## WHAT IS REQUIRED
Retype the entries exactly; omit all pictures.

## EXERCISE INPUT
##########
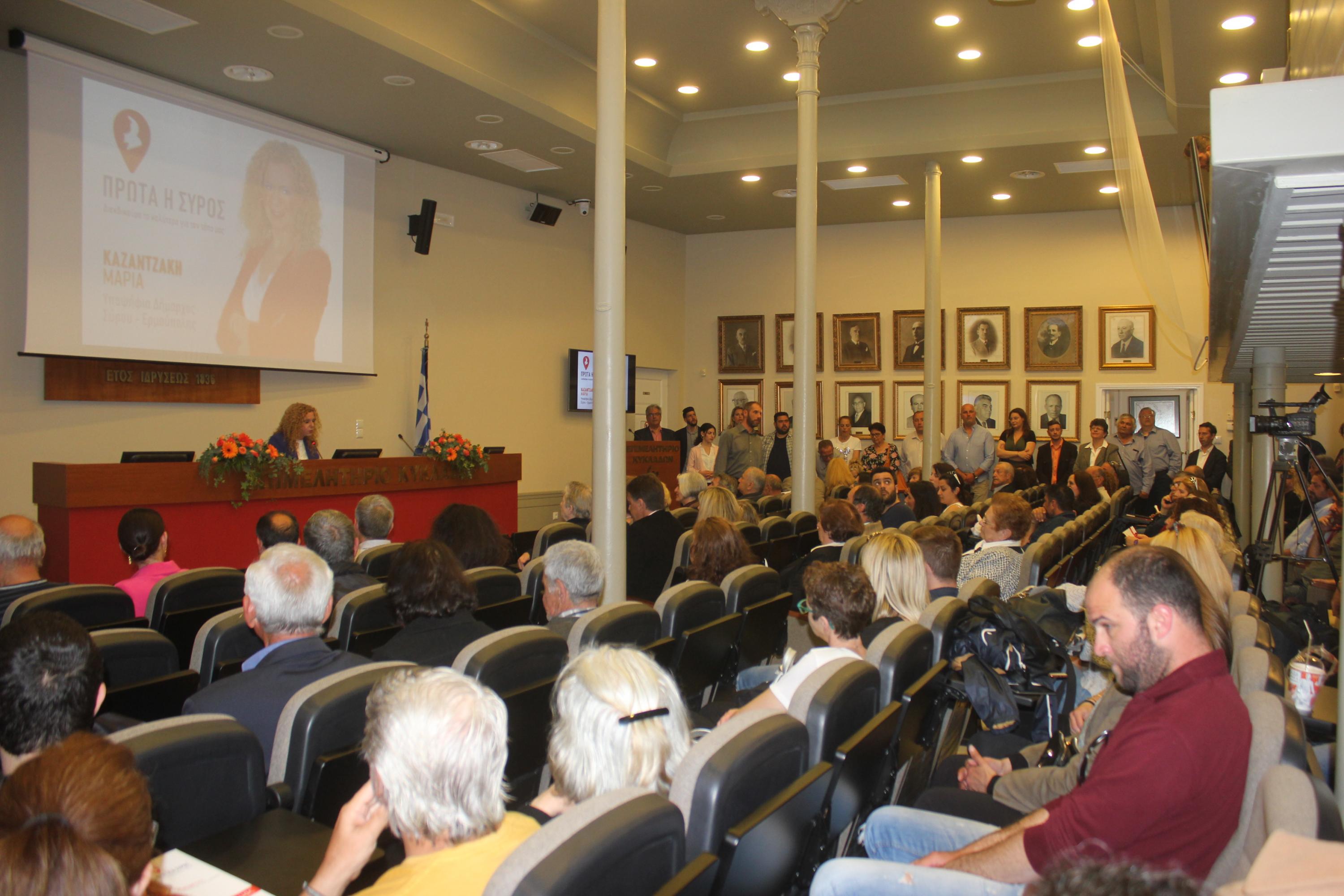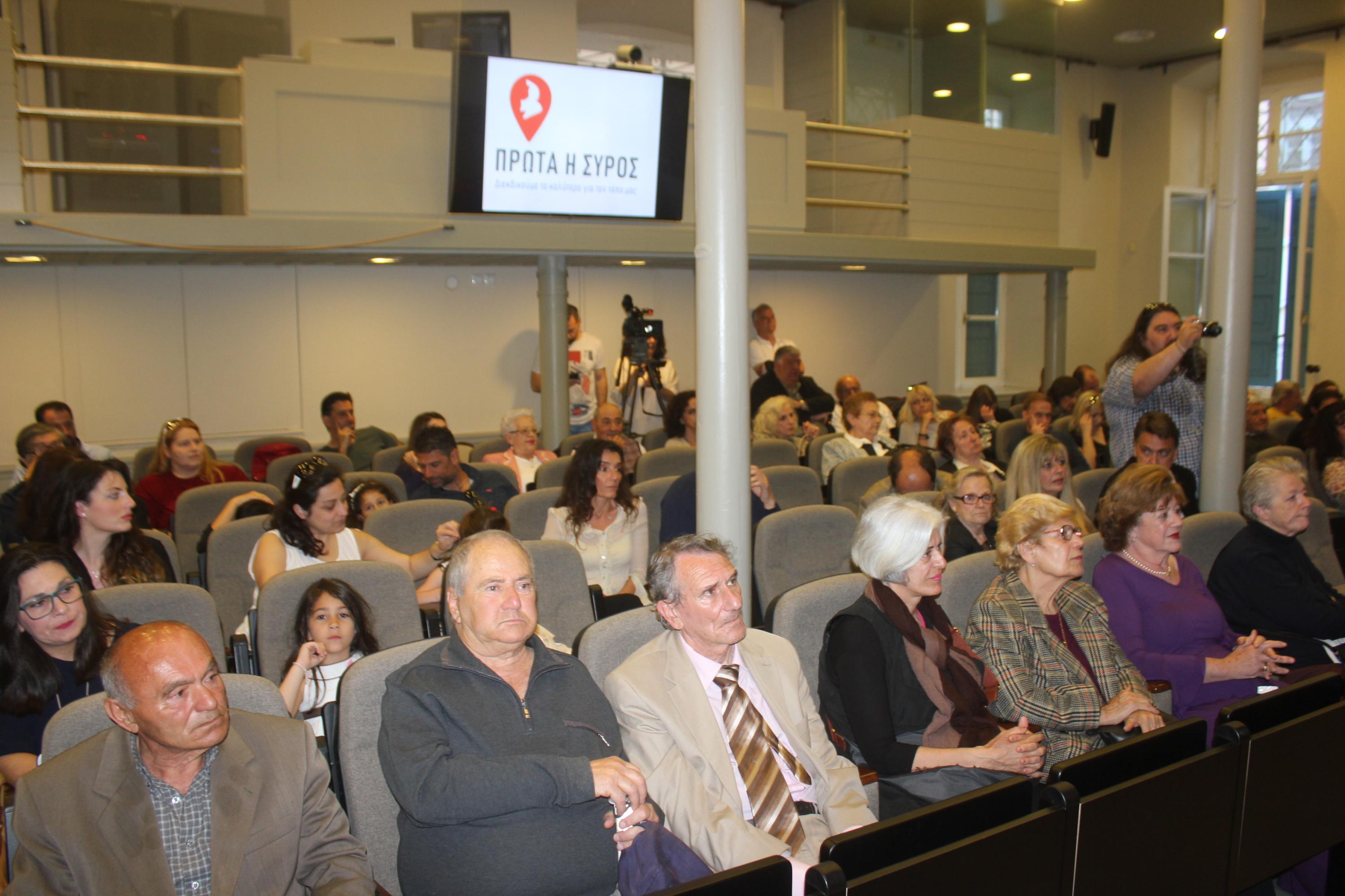 Πραγματοποιήθηκε η επίσημη παρουσίαση του προγράμματος του συνδυασμού “Πρώτα η Σύρος”, αργά το απόγευμα της Κυριακής, στο πλαίσιο εκδήλωσης που έλαβε χώρα στο Επιμελητήριο Κυκλάδων.
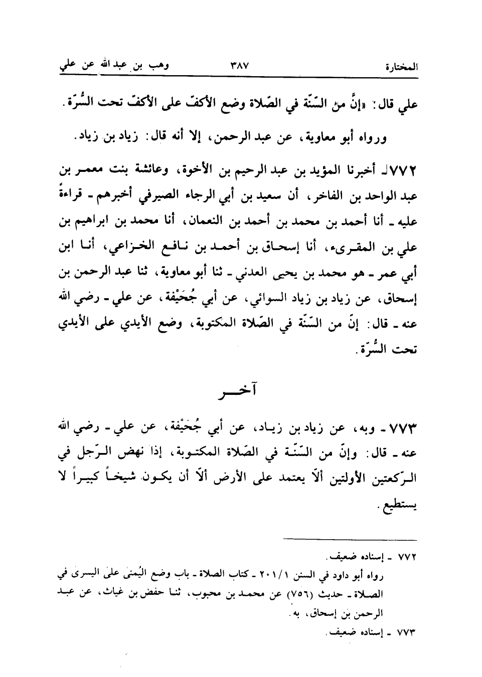 ٧٧٣ - وَبِهِ، عَنْ زِيَادِ بْنِ زِيَادٍ (¬١)، عَنْ أَبِي جُحَيْفَةَ، عَنْ عَلِيٍّ -رَضِيَ اللهُ عَنْهُ - قَالَ: «وَإِنَّ مِنَ السُّنَّةِ فِي الصَّلَاةِ الْمَكْتُوبَةِ إِذَا نَهَضَ الرَّجُلُ فِي الرَّكْعَتَيْنِ الْأُولَيَيْنِ أَلَّا يَعْتَمِدَ عَلَى الْأَرْضِ إِلَّا أَنْ يَكُونَ شَيْخًا كَبِيرًا لَا يَسْتَطِيعُ».
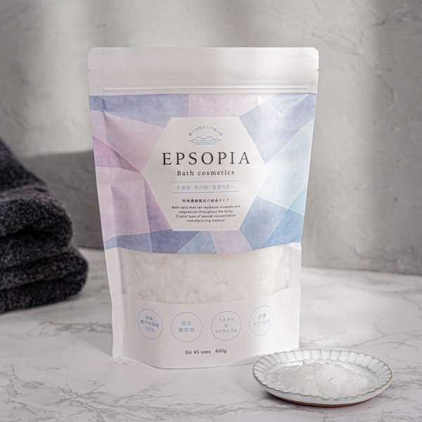 『エプソピア』は瀬戸内海のにがり100%を使用した日本製のバスソルトで、楽天バス用品ランキングにて度々1位を獲得(※1)した人気浴用入浴料ブランドです。
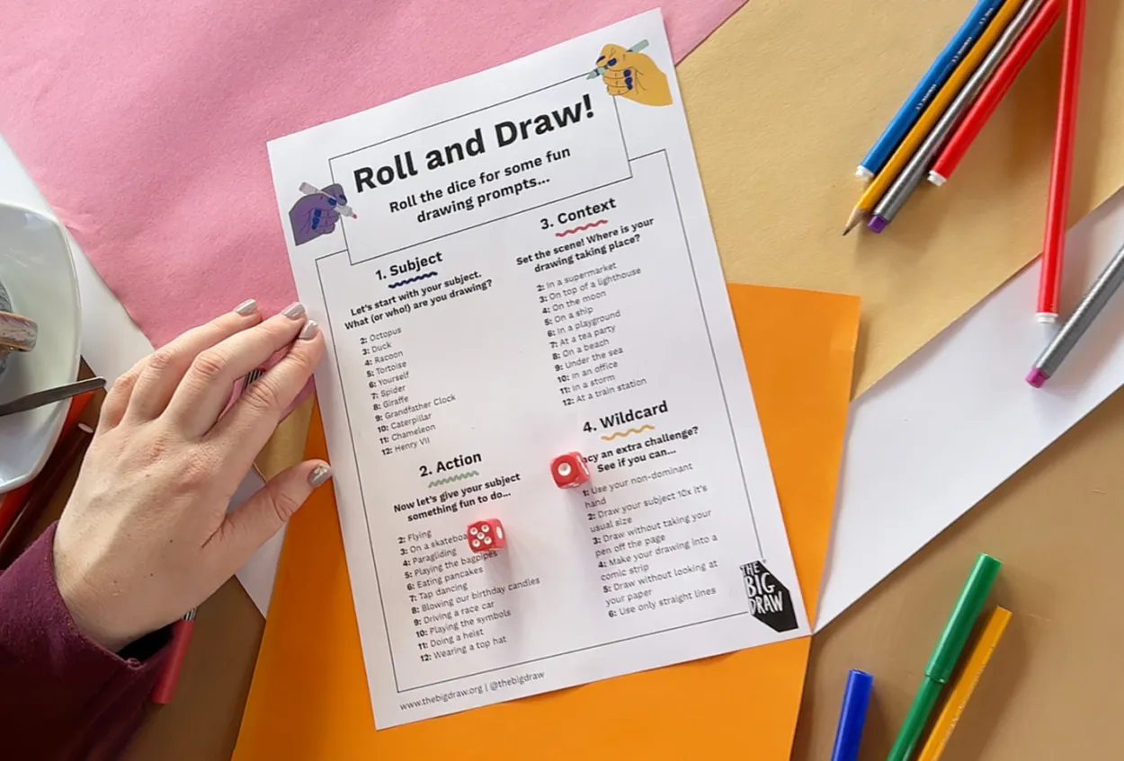 We’ve created a dice-based drawing game with prompts designed to make drawing fun, light-hearted - and somewhat unpredictable. Instead of scrolling for inspiration or waiting for an idea to arrive, simply roll the dice and see what hilarious or unlikely scenario you have to create! These prompts work for kids and adults alike, and they're really just about helping you to warm-up and play. Because drawing really isn't that serious! And sometimes the hardest part is just getting started.
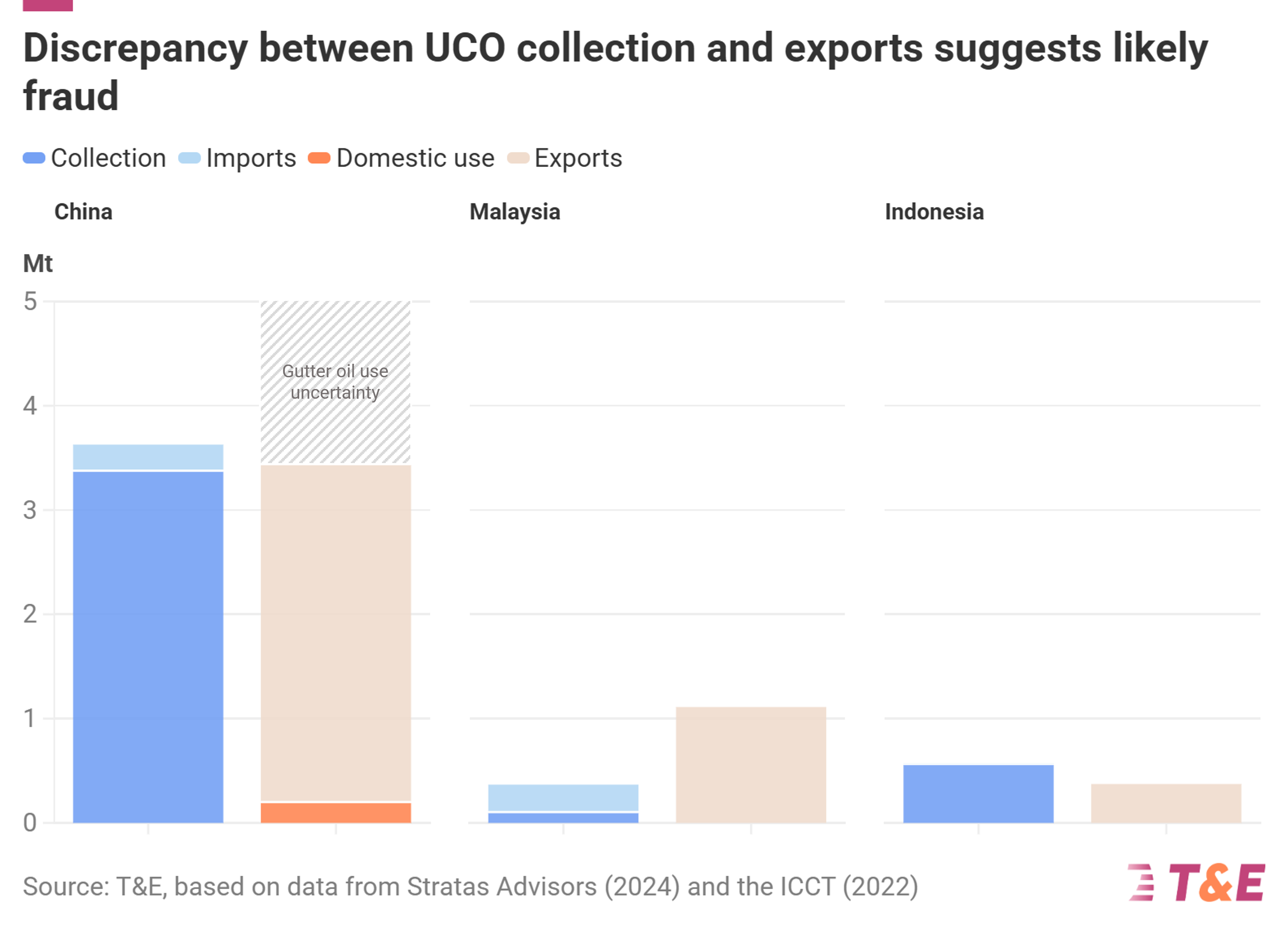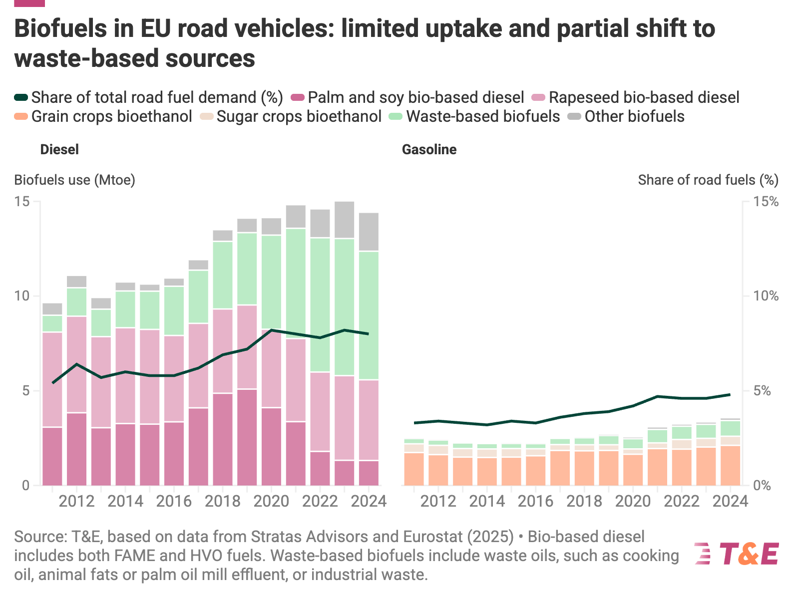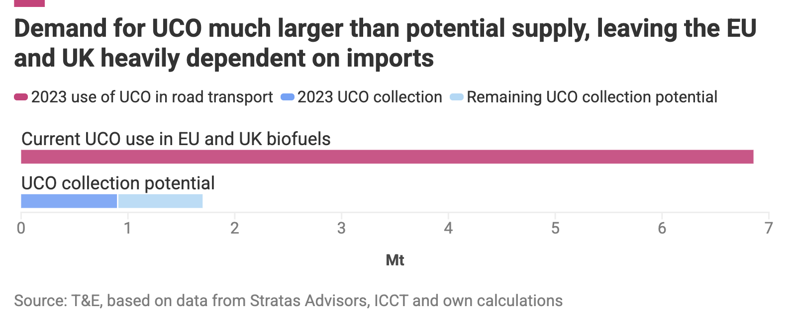 The shift from environmentally damaging crop-based biofuels to waste-based biofuels has maintained a high reliance on imports: Today, 60% of biofuels are imported from non-EU countries. For used cooking oil, >80% is imported.
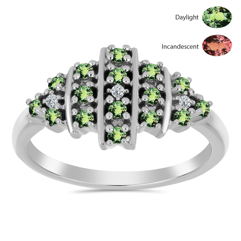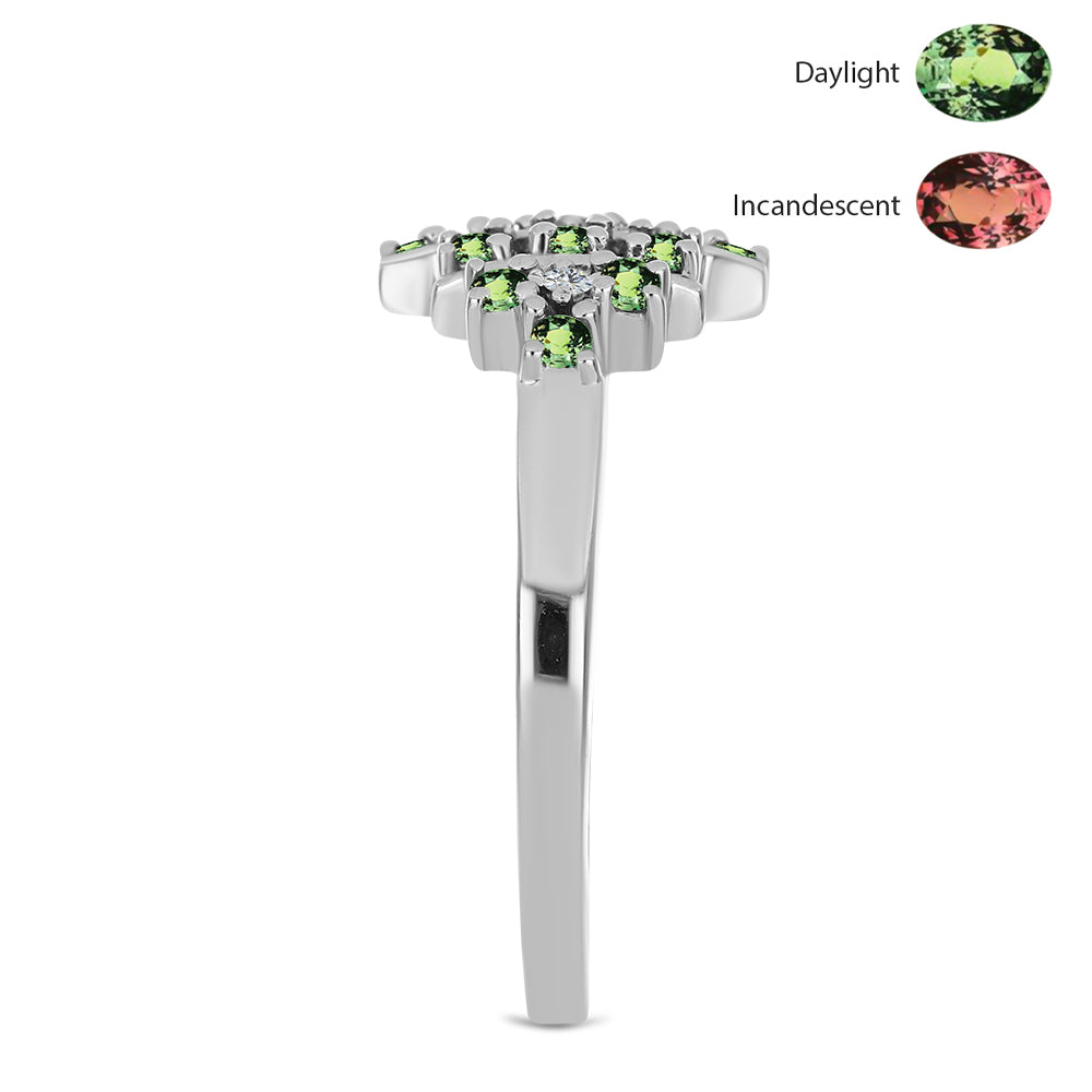 Stříbrný Prsten s Přírodním Alexandritem a Bílým Topazem
##########
## SOLUTION FOR THIS TASK
 Πραγματοποιήθηκε η επίσημη παρουσίαση του προγράμματος του συνδυασμού “Πρώτα η Σύρος”, αργά το απόγευμα της Κυριακής, στο πλαίσιο εκδήλωσης που έλαβε χώρα στο Επιμελητήριο Κυκλάδων.
 ٧٧٣ - وَبِهِ، عَنْ زِيَادِ بْنِ زِيَادٍ (¬١)، عَنْ أَبِي جُحَيْفَةَ، عَنْ عَلِيٍّ -رَضِيَ اللهُ عَنْهُ - قَالَ: «وَإِنَّ مِنَ السُّنَّةِ فِي الصَّلَاةِ الْمَكْتُوبَةِ إِذَا نَهَضَ الرَّجُلُ فِي الرَّكْعَتَيْنِ الْأُولَيَيْنِ أَلَّا يَعْتَمِدَ عَلَى الْأَرْضِ إِلَّا أَنْ يَكُونَ شَيْخًا كَبِيرًا لَا يَسْتَطِيعُ».
 『エプソピア』は瀬戸内海のにがり100%を使用した日本製のバスソルトで、楽天バス用品ランキングにて度々1位を獲得(※1)した人気浴用入浴料ブランドです。
 We’ve created a dice-based drawing game with prompts designed to make drawing fun, light-hearted - and somewhat unpredictable. Instead of scrolling for inspiration or waiting for an idea to arrive, simply roll the dice and see what hilarious or unlikely scenario you have to create! These prompts work for kids and adults alike, and they're really just about helping you to warm-up and play. Because drawing really isn't that serious! And sometimes the hardest part is just getting started.
 The shift from environmentally damaging crop-based biofuels to waste-based biofuels has maintained a high reliance on imports: Today, 60% of biofuels are imported from non-EU countries. For used cooking oil, >80% is imported.
 Stříbrný Prsten s Přírodním Alexandritem a Bílým Topazem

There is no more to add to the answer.